Ship Rust safely without a “big bang” rewrite — layer it between C you trust and APIs your team already uses.

A tidy three-layer sandwich showing Rust API on top, an FFI boundary in the middle, and a C engine as the base. Two ugly truths stalled our rewrite.

The C library made money every day.
The Rust rewrite didn’t — yet.

We kept the C core running, slid Rust in as a safety layer, and migrated feature-by-feature. Crashes fell; throughput rose. No Friday night rollbacks. A Rewrite We Didn’t Ship (and Why the Sandwich Won) Story. We had a money-making C library in production, a half-done Rust clone in staging, and deadlines. Every time we flipped traffic to Rust, edge-case parsing broke in markets we didn’t test. Engineers fought the code; finance watched the burn. Insight. Don’t replace revenue code. Wrap it. Rust becomes a safety kernel and new home for critical APIs, while C keeps doing the proven heavy lifting underneath. How-to.

Keep the C shared/static library as the source of truth for now.
Publish a thin Rust safe API your app calls. Rust translates to C via extern "C".
Move logic into Rust only when it’s proven with differential tests.
Flip callers from old C headers to the new Rust crate one endpoint at a time.

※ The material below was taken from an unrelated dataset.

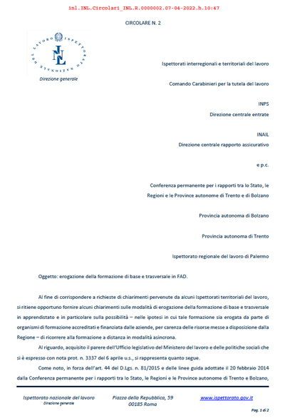 A fornire ulteriori indicazioni sull’utilizzo della formazione a distanza sincrona, anche se limitatamente agli apprendisti, è la recente Circolare n. 2 del 7 aprile 2022 dell’ Ispettorato Nazionale del Lavoro che ha per oggetto: “erogazione della formazione di base e trasversale in FAD”.
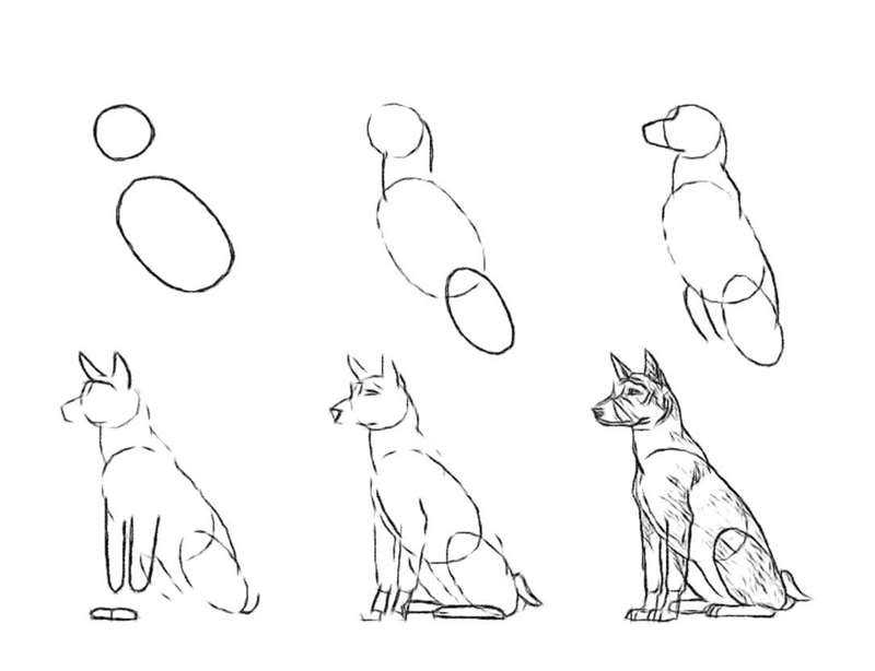 - Дорисуйте хвост. Сотрите вспомогательные линии.

Counterpoint. “But we’ll end up with two codebases.” Temporarily, yes. You also end up with uptime. What “FFI Sandwich” Means (And Why It’s Boring on Purpose) Story. The turning point was when we stopped trying to be clever. We drew three boxes on a whiteboard and promised not to cross the lines. Insight. A sandwich is just C API → Rust boundary → Safe Rust → (optional) C. Rust owns correctness and memory hygiene at the edges; C keeps its mature algorithms. How-to.

Top bread (callers): App calls a safe Rust API. No raw pointers escape.
Filling: An FFI module with #[no_mangle] extern "C" or extern "C" calls out, using only repr(C) types.
Bottom bread: C library you already ship. Stable ABI, boring headers.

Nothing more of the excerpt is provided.